Histopathology of the gastric wall cystic lesion was consistent with chronic fibrosing steatitis with fat saponification. All changes were inflammatory and reactive in character, with no neoplastic cells, bacterial colonies, or fungal organisms identified. Amylase and pancreas-specific lipase (Precision PSL^e) of peripheral blood serum were within normal limits at 507 IU/L (290–1125 IU/L) and 53 U/L (4–140 U/L), respectively. Amylase and Precision PSL of the gastric cyst fluid were elevated at 1435 IU/L (290–1125 IU/L) and 8214 U/L (4–140 U/L), respectively. Cytological analysis of the gastric cyst fluid revealed viscous proteinaceous fluid with mild to moderate neutrophilic inflammation and cell degeneration with no evidence of neoplasia or infectious agents, consistent with inflamed cystic material. Amylase and lipase levels in the gastric cyst fluid were significantly higher than the serum levels, which confirmed the cyst to be a pancreatic pseudocyst. Aerobic and anaerobic cultures of the fluid were negative for bacterial growth. The dog was hospitalized for monitoring and supportive care for pancreatitis and was discharged 8 days after surgery once it was confirmed that both oral and J-tube feedings were well tolerated. The owner was instructed to offer oral food every 4 to 6 hr. If the dog did not eat, it was recommended to provide enteral nutrition via the J-tube with CliniCare^f liquid diet. A recheck abdominal ultrasound was performed 7 days following the second exploratory laparotomy for omentalization of the intramural gastric pseudocyst. The area of the stomach wall with the previous intramural gastric pseudocyst appeared to have a small amount of residual anechoic to hypoechoic material but improved pancreatitis and secondary steatitis/peritonitis.

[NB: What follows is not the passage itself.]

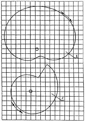 1 - кулачок приводного механизма; 2 - кулачок с ограничителем хода Рисунок А8 - Механизм привода подвижной горелки (сетка со стороной квадрата 10 мм)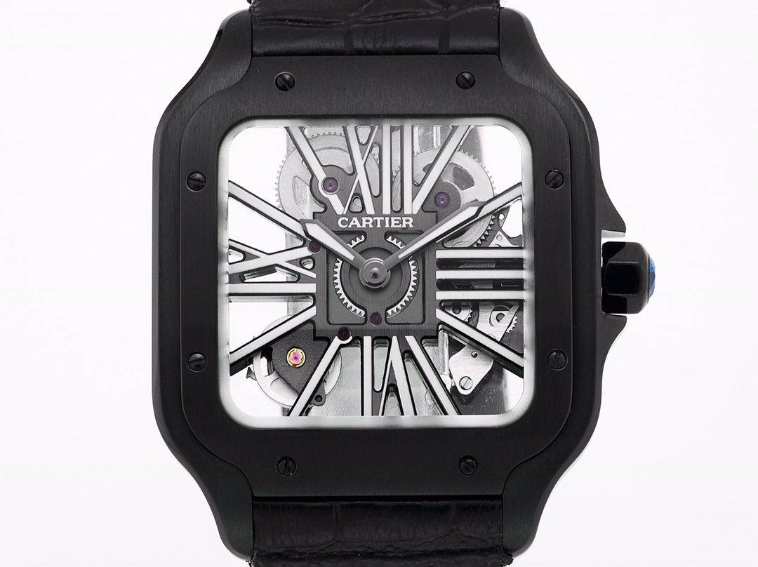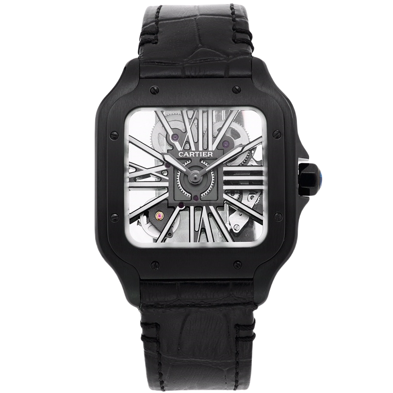 Cartier Santos 39.8mm Hollow Dial Black Carbon Coating Bezel Black Leather Strap WHSA0009

The dog was presented again for anorexia and diarrhea 14 days following intramural gastric pseudocyst drainage and omentalization. The dog was subsequently hospitalized for medical management of presumed recurrence of pancreatitis. A recheck abdominal ultrasound revealed decreased size of the previous gastric pseudocyst (1.5 cm) and improved pancreatitis; however, there was evidence of an intramural cystic lesion in the mid to distal duodenum, orad to the duodenal flexure and J-tube site, with associated intraluminal compression and obstruction (Figure 2A).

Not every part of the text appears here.